See the caveats in the documentation: https://pandas.pydata.org/pandas-docs/stable/user_guide/indexing.html#returning-a-view-versus-a-copy
  phenol_alcohol_data['target']=y['target']


In [189]:
plt.figure(figsize = (6, 6))

plt.scatter(phenol_alcohol_data['total_phenols'],phenol_alcohol_data['alcohol'],c=phenol_alcohol_data['target'])

plt.xlabel('Total phenol')
plt.ylabel('Alcohol');

<IPython.core.display.Javascript object>

In [190]:
## Visualizing 13 features is difficult. Let's visualize any 3 of them.

al_malic_ash_data=X[['alcohol','malic_acid','ash']]
al_malic_ash_data['target']=y['target']

A value is trying to be set on a copy of a slice from a DataFrame.
Try using .loc[row_indexer,col_indexer] = value instead

See the caveats in the documentation: https://pandas.pydata.org/pandas-docs/stable/user_guide/indexing.html#returning-a-view-versus-a-copy
  al_malic_ash_data['target']=y['target']


In [191]:


fig = plt.figure()
ax = Axes3D(fig)
labels=['class 0','class 1','class 2']
ax.scatter(al_malic_ash_data['alcohol'],al_malic_ash_data['malic_acid'],al_malic_ash_data['ash'],c=al_malic_ash_data['target'])
ax.set_xlabel('Alcohol')
ax.set_ylabel('Malic acid')
ax.set_zlabel('Ash')

plt.show()

<IPython.core.display.Javascript object>

  ax = Axes3D(fig)


### Clustering dataset using 2 features - Total Phenol and Alcohol (Visualized above)

In [193]:
from sklearn.preprocessing import StandardScaler

phenol_alcohol_data_wo_target=phenol_alcohol_data.drop('target',axis='columns',inplace=False)
std_scaler_phenol_alcohol=StandardScaler()
kmeans_phenol_alcohol=KMeans(n_clusters=3)
phenol_alcohol_data_transformed=std_scaler_phenol_alcohol.fit_transform(phenol_alcohol_data_wo_target)
kmeans_phenol_alcohol.fit(phenol_alcohol_data_transformed)

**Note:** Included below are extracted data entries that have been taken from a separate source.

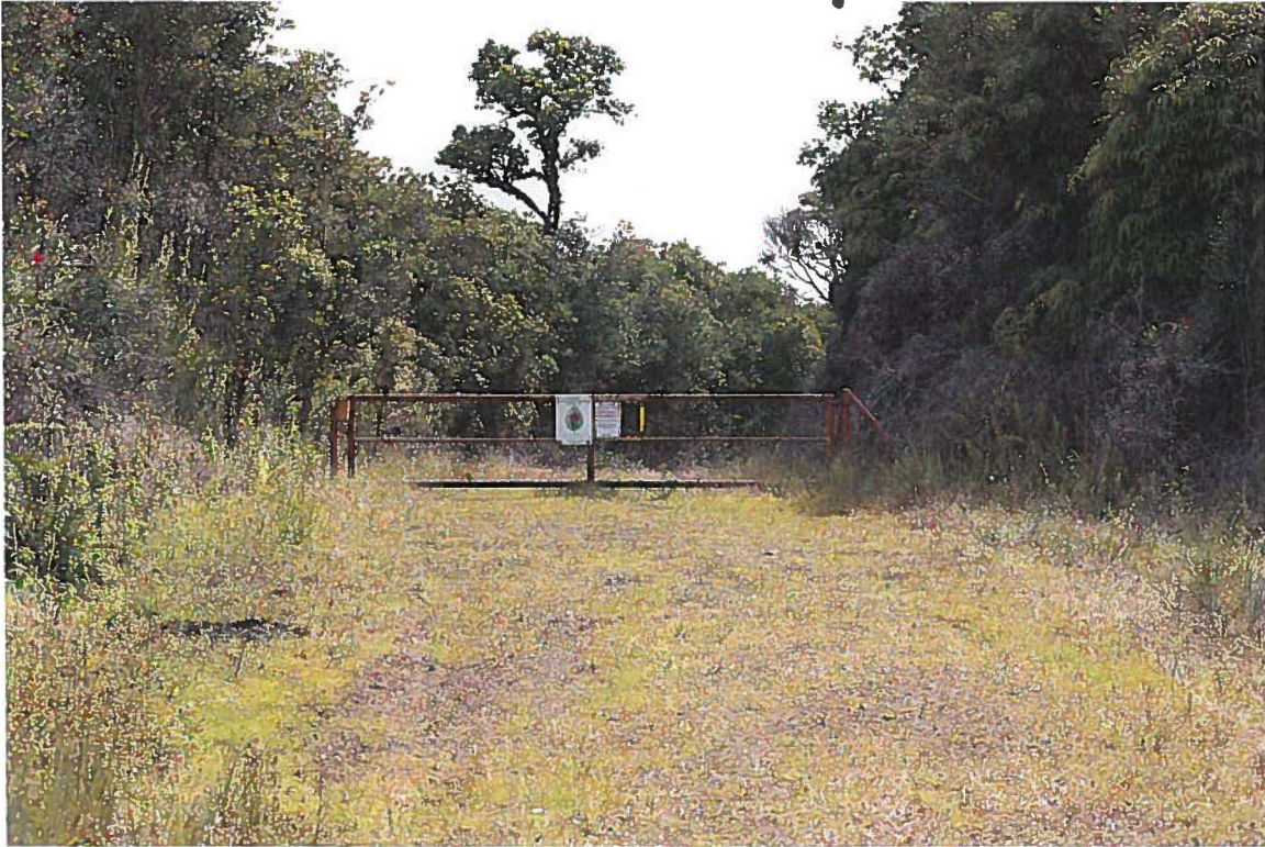
View of gate from afar
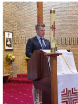
2023 St Gregory's the Great Photos inserted

At – St Kevin's Parish. 26-44 Herlihys Road. Templestowe Lower.
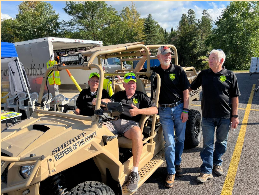
Above: Members of the Cass County Search And Rescue ATV Team displayed the military RZR used on missions, and to help deputies monitor trails and assist at community events. Members of the Woodtick Wheelers and Over The Hills Gang clubs participate in the SAR program.
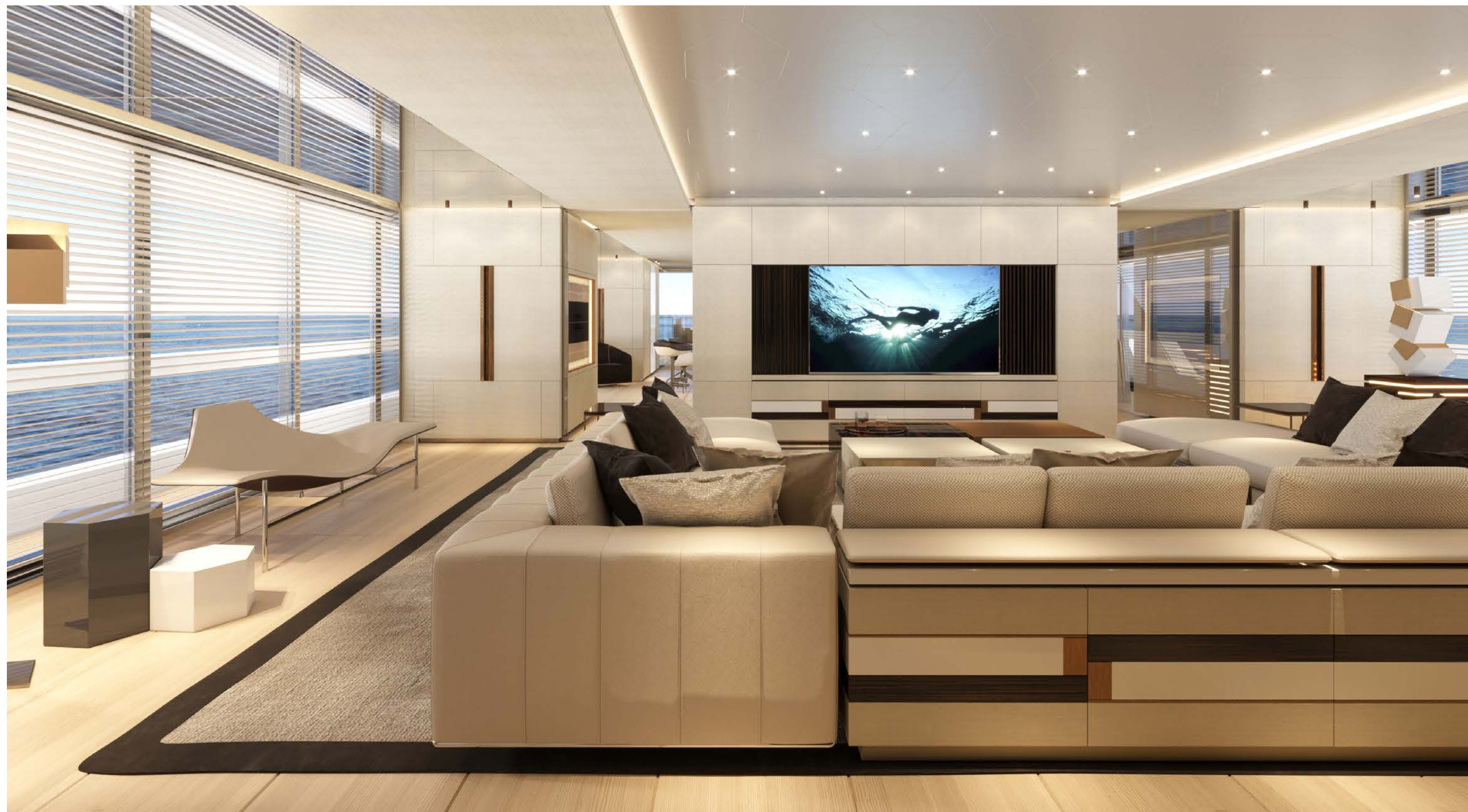
15. Main deck salon

interior proposal by Tiziana Vercellesi Design
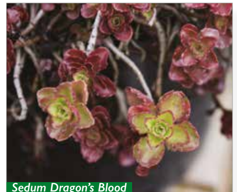
Sedum Dragon's Blood

This South African ice plant relative features trailing stems to 2 ft. long, profusely set with inch-wide, heart-shaped or oval, fleshy bright green leaves. Its bright red flowers bloom in spring and summer.
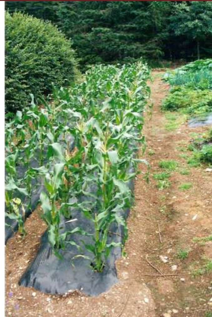
Right: Corn grown with plastic mulch
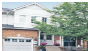
41 Harding Street, Georgetown Sunday, August 19th, 2:00-4:00 $330,000

all_centers=kmeans_phenol_alcohol.cluster_centers_
plt.figure(figsize = (8, 8))
plt.scatter(phenol_alcohol_data_transformed[:,0], phenol_alcohol_data_transformed[:,1],c=phenol_alcohol_data['target'], s=8,label='data points')
plt.xlabel('x1')
plt.ylabel('x2')
plt.title('Wine clusters')
plt.scatter(all_centers[:, 0], all_centers[:, 1], color = 'red', s = 200, label = 'centroids')
for i in range(3):
    plt.annotate('cluster '+str(i),(all_centers[i,0],all_centers[i,1]),fontsize=15)
plt.show()


<IPython.core.display.Javascript object>

### Predict cluster for a test instance

In [194]:
test_data=[[19,15],[20,1]] 
kmeans_phenol_alcohol.predict(std_scaler_phenol_alcohol.transform(test_data))

array([1, 2])

### Clustering dataset using 3 features - Alcohol, Malic acid and Ash (Visualized above)

In [195]:
al_malic_ash_data_wo_target=al_malic_ash_data.drop('target',axis='columns',inplace=False)
std_scaler_al_malic_ash=StandardScaler()
kmeans_al_malic_ash=KMeans(n_clusters=3)
al_malic_ash_data_transformed=std_scaler_al_malic_ash.fit_transform(al_malic_ash_data_wo_target)
kmeans_al_malic_ash.fit(al_malic_ash_data_transformed)

fig = plt.figure()
ax = Axes3D(fig)
ax.scatter(al_malic_ash_data_transformed[:,0], al_malic_ash_data_transformed[:,1],al_malic_ash_data_transformed[:,2],
           c=al_malic_ash_data['target'], s=8,label='data points')
ax.set_xlabel('Alcohol')
ax.set_ylabel('Malic acid')
ax.set_zlabel('Ash')

all_centers=kmeans_al_malic_ash.cluster_centers_

ax.scatter(all_centers[:, 0], all_centers[:, 1],all_centers[:, 2], color = 'red', s = 200, label = 'centroids')
for i in range(3):
    ax.text(all_centers[i,0],all_centers[i,1],all_centers[i,2],  'Cluster '+str(i), size=10, zorder=1,  
    color='k')
plt.show()

<IPython.core.display.Javascript object>

  ax = Axes3D(fig)


### Task : Perform clustering using all the features of dataset and find correctness using predict().